S-100 is highly expressed in most cells of schwannomas, whereas the expression varies in neurofibromas. Since the immunostaining of this protein is very consistent, and the intensity is high, it functions as an important diagnostic tool. The expression of S-100 decreases in Antoni B areas. In the present case, most tumor cells were positive for S-100 protein, which indicates that proliferated cells are mainly composed of Schwann cells. Based on the immunostaining results and histological characteristics, we definitively diagnosed schwannoma.

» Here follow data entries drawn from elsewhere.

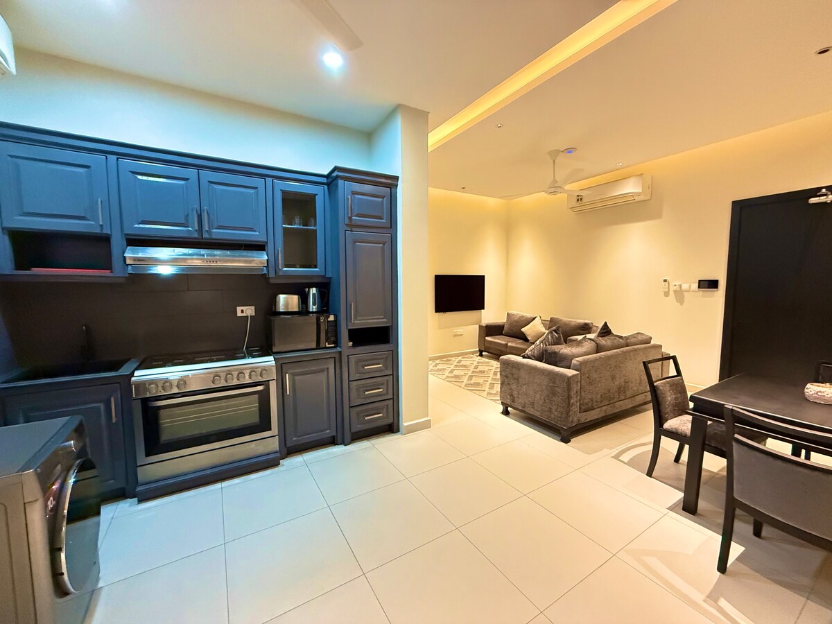 Este es un apartamento de 1 dormitorio con un diseño de concepto de cocina abierta y sala de estar separada que ofrece la privacidad que tanto se necesita, especialmente para las parejas. El establecimiento se encuentra en una zona segura al alcance de muchos lugares esenciales de Dar, como Mlimani City, el centro de la ciudad y Masaki. La unidad está bien amueblado con comodidades modernas que incluyen lavadora, wifi fiable, TV por cable de 55 pulgadas, aire acondicionado y mucho más. Hay un aparcamiento seguro gratuito, así como un bonito paisaje de jardín en el exterior para relajarse.
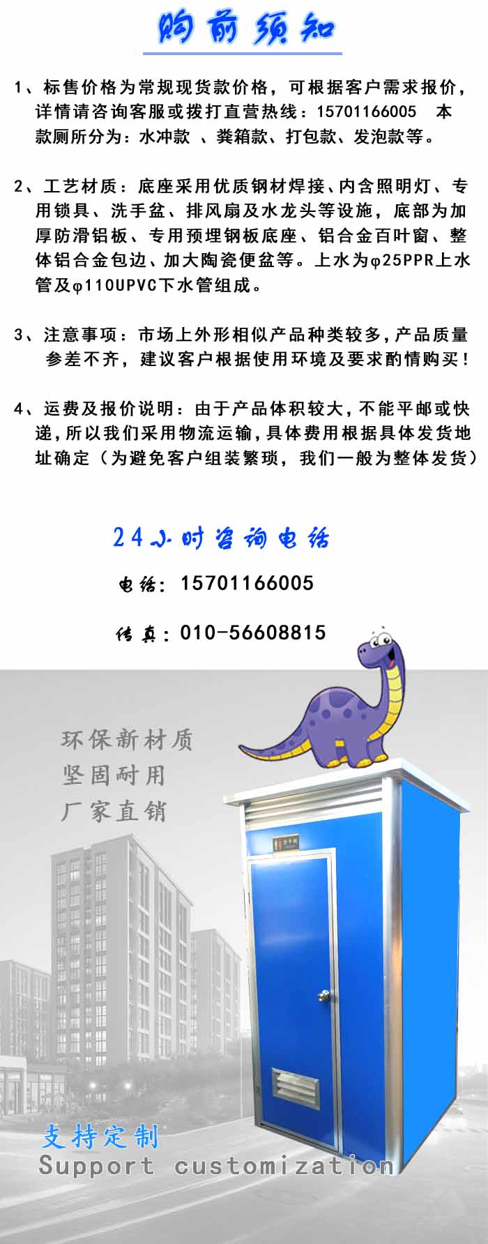 适用条件:1、上下水通道;储存箱储存定期抽排;2、在环境温度过低时采取必要的保温措施,我们针对北方的天气条件,每个产品都做保温措施,冬天不结冰不冻管,厕所可以正常使用;3、适用于城市街区、道路、广场等公共场所以及展会、运动场、建筑工地、集会现场、公园等临时场所
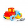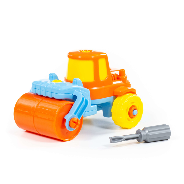 Комплект: детали конструктора и игрушечная отвертка для создания модели дорожного катка.
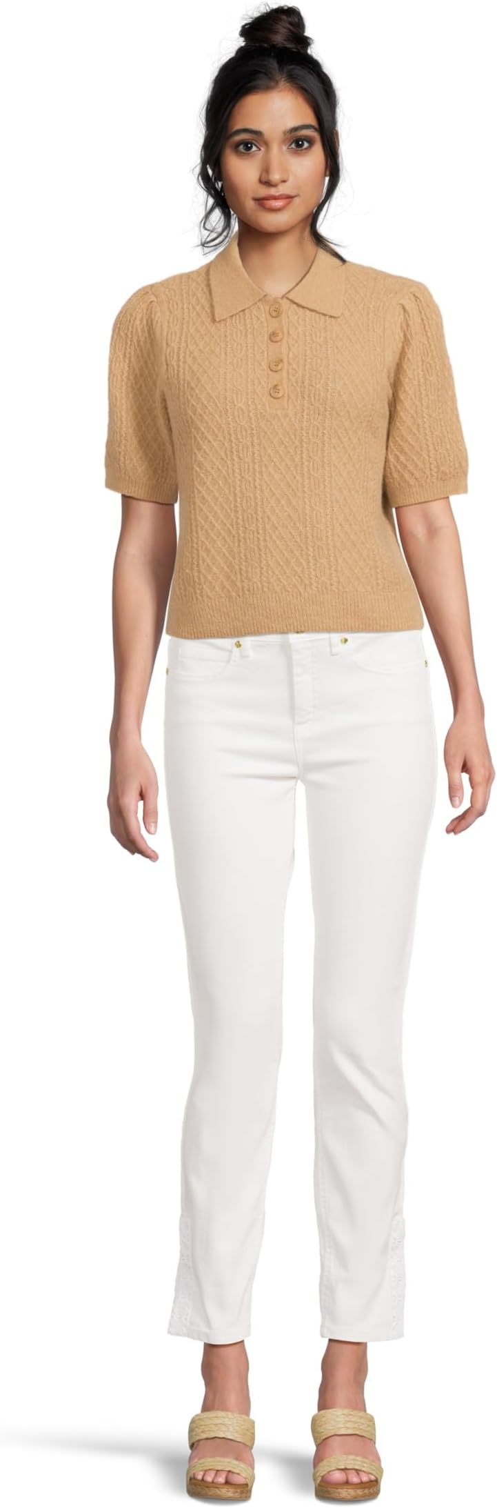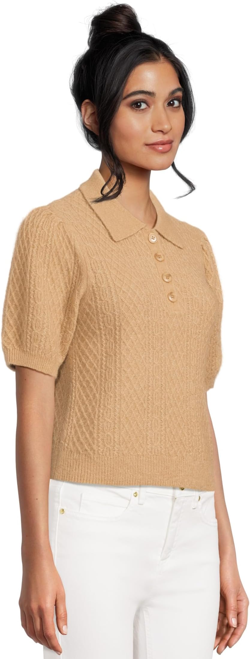 • Выглядите стильно и непринужденно в топе-поло Lilla P Mixed Stitch Elbow Sleeve Polo. Изготовленный из смеси шерсти альпаки Airspun, этот легкий и воздушный топ, который легко надевать, обеспечивает исключительное тепло, не создавая лишнего объема. Модель выполнена в яркой цветовой гамме. Модель отличается косым плетением, горловиной хенли, застежкой на четверть пуговицы с пуговицами, окрашенными в тон, что придает ей изысканный, но непринужденный вид. Короткие рукава-фонарики и прямой подол. Сочетайте его с брюками из атласного твила или с брюками из хлопкового твила для создания повседневного образа.
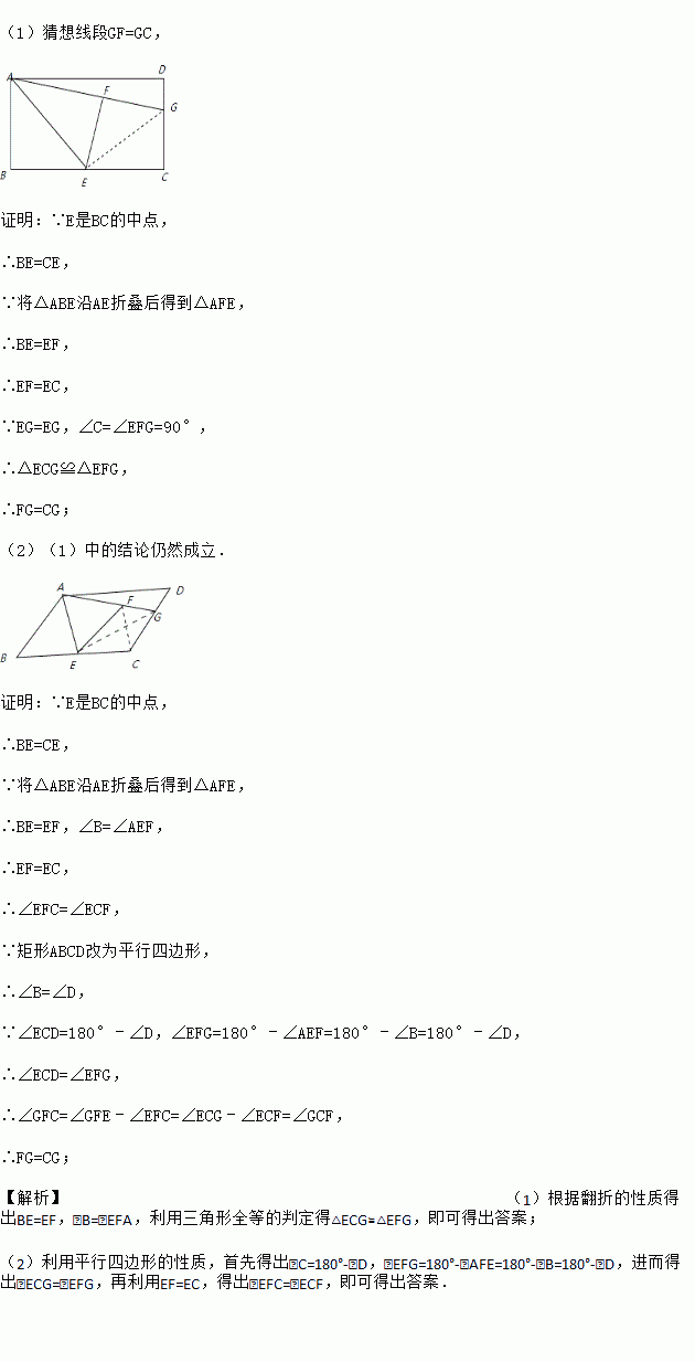如图,在矩形ABCD中,E是BC的中点,将△ABE沿AE折叠后得到△AFE,点F在矩形ABCD内部,延长AF交CD于点G.猜想线段GF与GC有何数量关系?并证明你的结论.
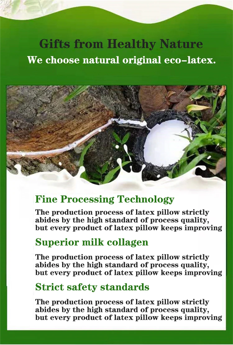 Натуральная и экологически чистая подушка Наш сердечник подушки изготовлен из натурального латекса, полученного из тайских каучуковых деревьев, и изготовлен тщательно разработанным производством Dunlop. Вы даже можете почувствовать запах натурального латекса во время сна. Латекс, естественно, нетоксичный, гипоаллергенный, антипылевой, антибактериальный и плесневой, обеспечивает необычайный естественный уход за кожей.
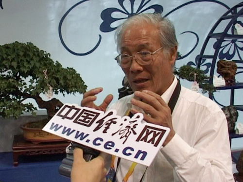 潜锦生:展馆里展出的品种共有60多种,其中主打的品种有两个,一是顽石,第二是盆景,其中包括树状盆景和山水盆景,根据展品的种类我们将其分为六个部分。除此之外还有鲜花,插花等其他一些花品。
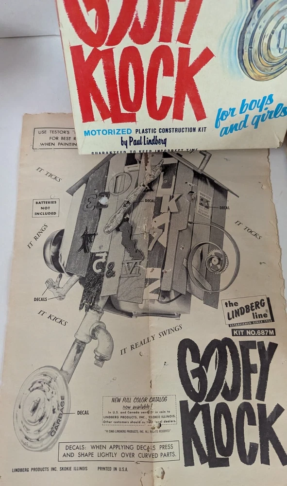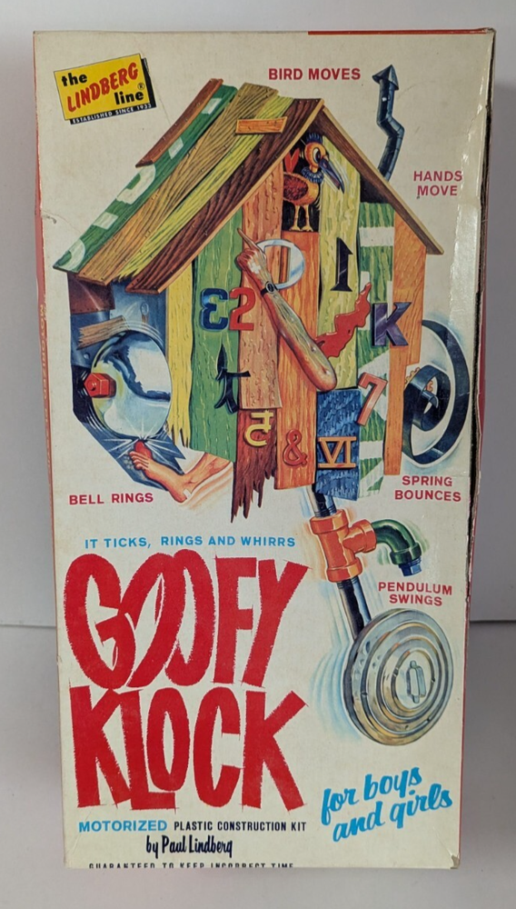 Please ask any questions before making the purchase. (Area B3) Lindberg 1965 687M:198 Goofy Klock Motorized Model Kit With Box. S/H FOR THIS ITEM WILL BE $10.00 IN THE STATES AND WILL INCLUDE DELIVERY CONFIRMATION. ALL SHIPPING IN THE STATES WILL BE DONE USPS, FIRST CLASS OR PRIORITY! WILL SHIP WORLD-WIDE.
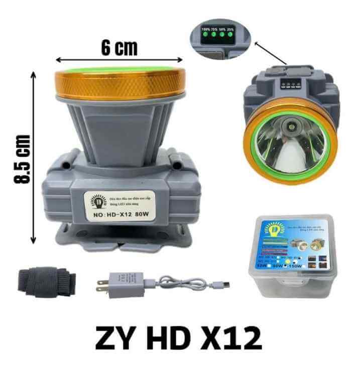 Đèn pin đội đầu siêu sáng 80W ZY HD X12 là dòng đèn đeo trán công suất lớn, thiết kế nhỏ gọn, tiện lợi cho nhiều hoạt động như đi rừng, câu cá, sửa chữa, cúp điện hoặc làm việc ban đêm.
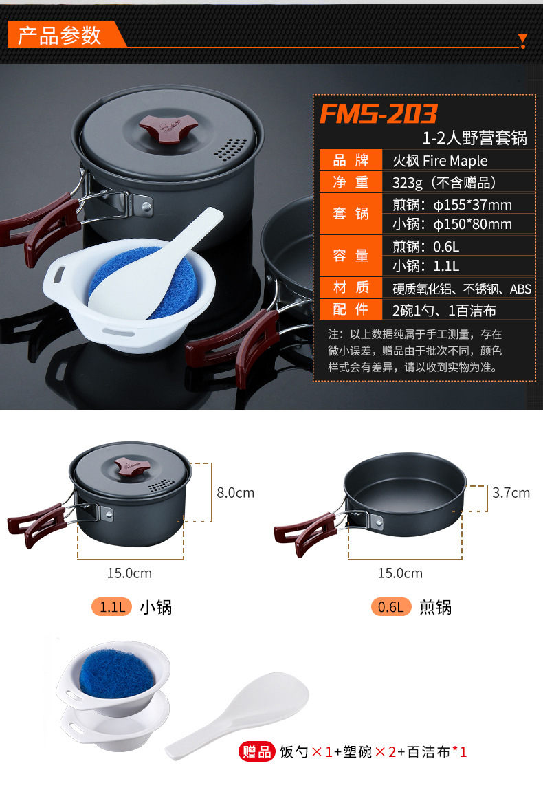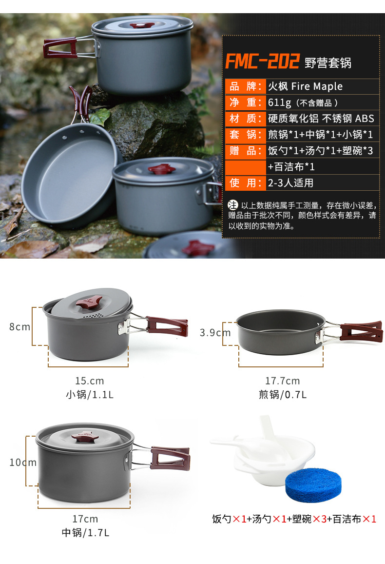 Huofeng 20 경제적 인 야외 세트 냄비 휴대용 피크닉 캠핑 냄비 2-3 사람들 조리기구 여행 냄비 세트 야외스토어 가기
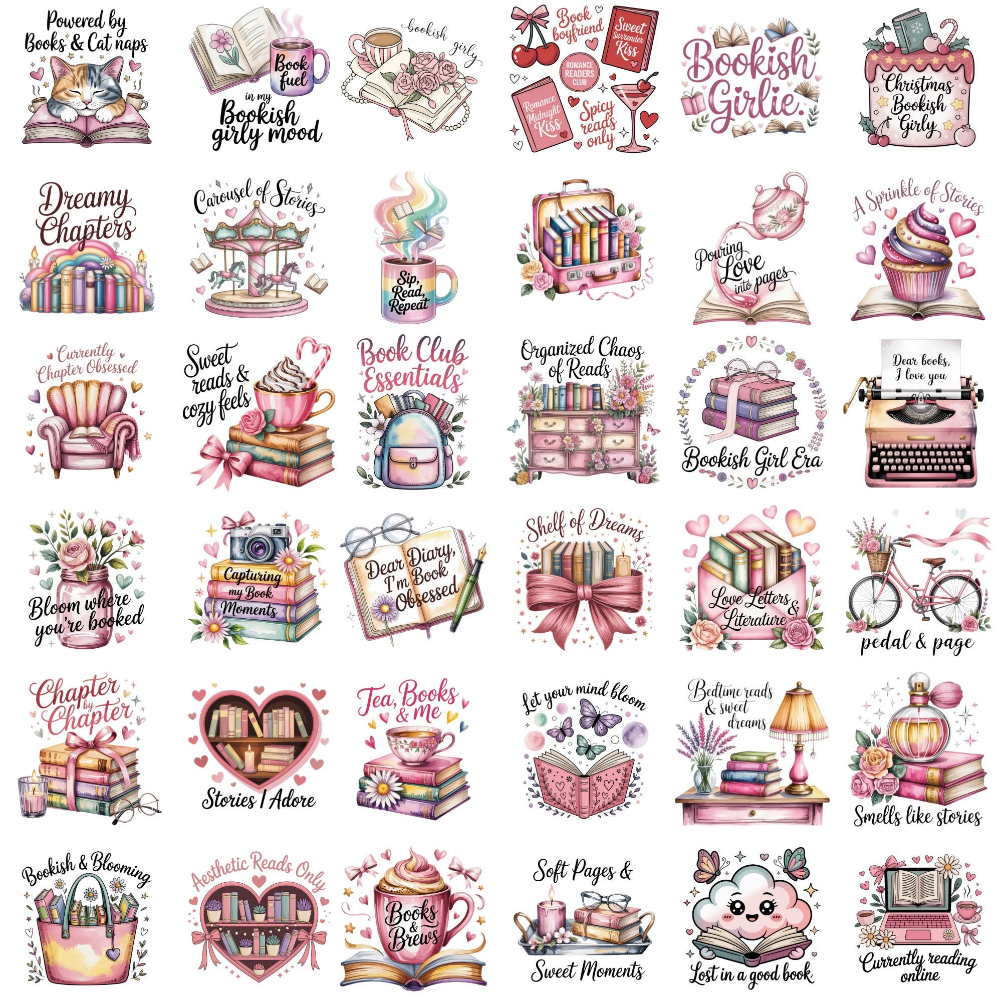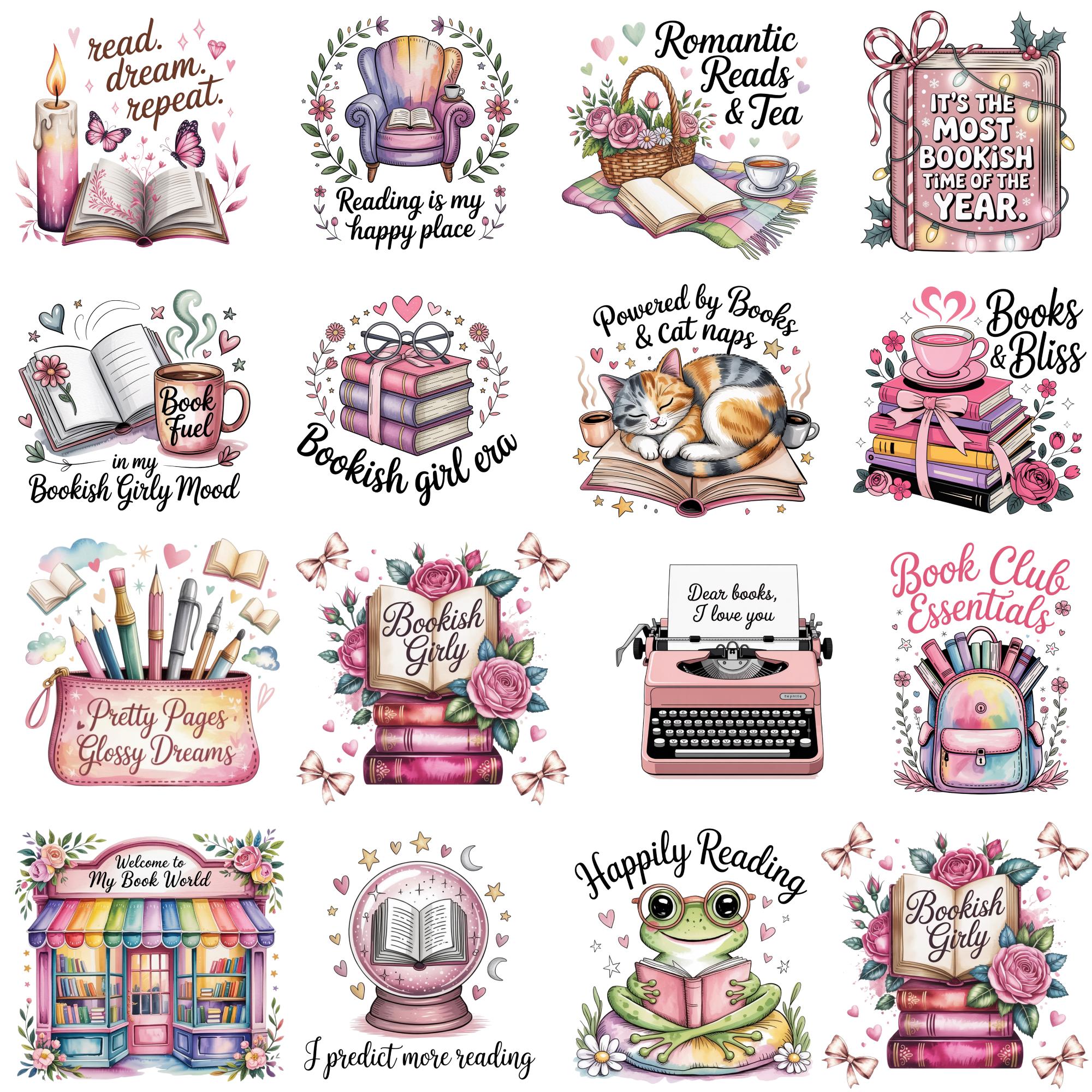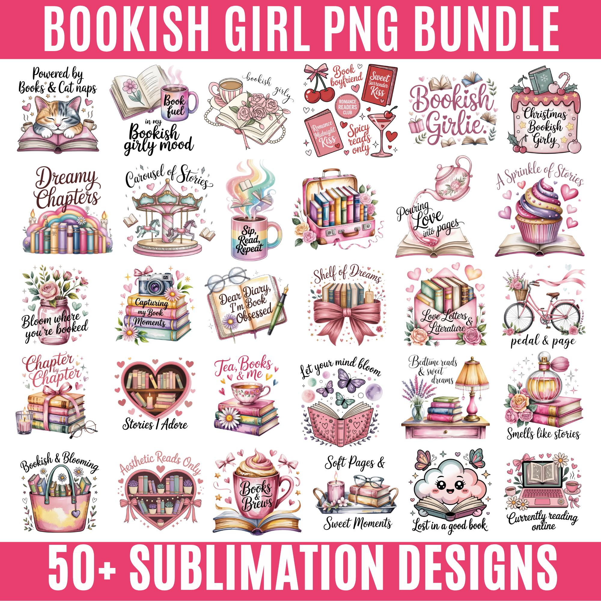 Bookish Girlie PNG Bundle, Book Lover Quotes, Cute Reader Clipart, Bookworm Sayings, Trendy Sticker Sublimation T-Shirt Design
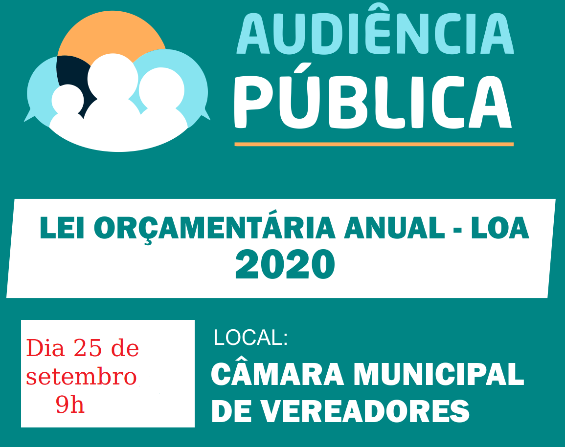 A Prefeitura convida toda a população a participar da AUDIÊNCIA PÚBLICA sobre a discussão no processo de elaboração do Projeto de Lei Orçamentária (LOA) para o exercício de 2020. O evento será no dia 25 de setembro, quarta-feir...

Resection is a common treatment for this tumor. The malignant transformation of the tumor is very rare, and the prognosis is favorable. Although there are a few reports of the clinical significance of neurosensory impairment in schwannomas in the oral cavity, the present patient has shown no signs of recurrence, and the postoperative course is favorable.

The authors declare that there is no conflict regarding the publication of this paper.

This work was supported by JSPS KAKENHI Grant Numbers JP18K09789, JP18K17224, JP19K29094.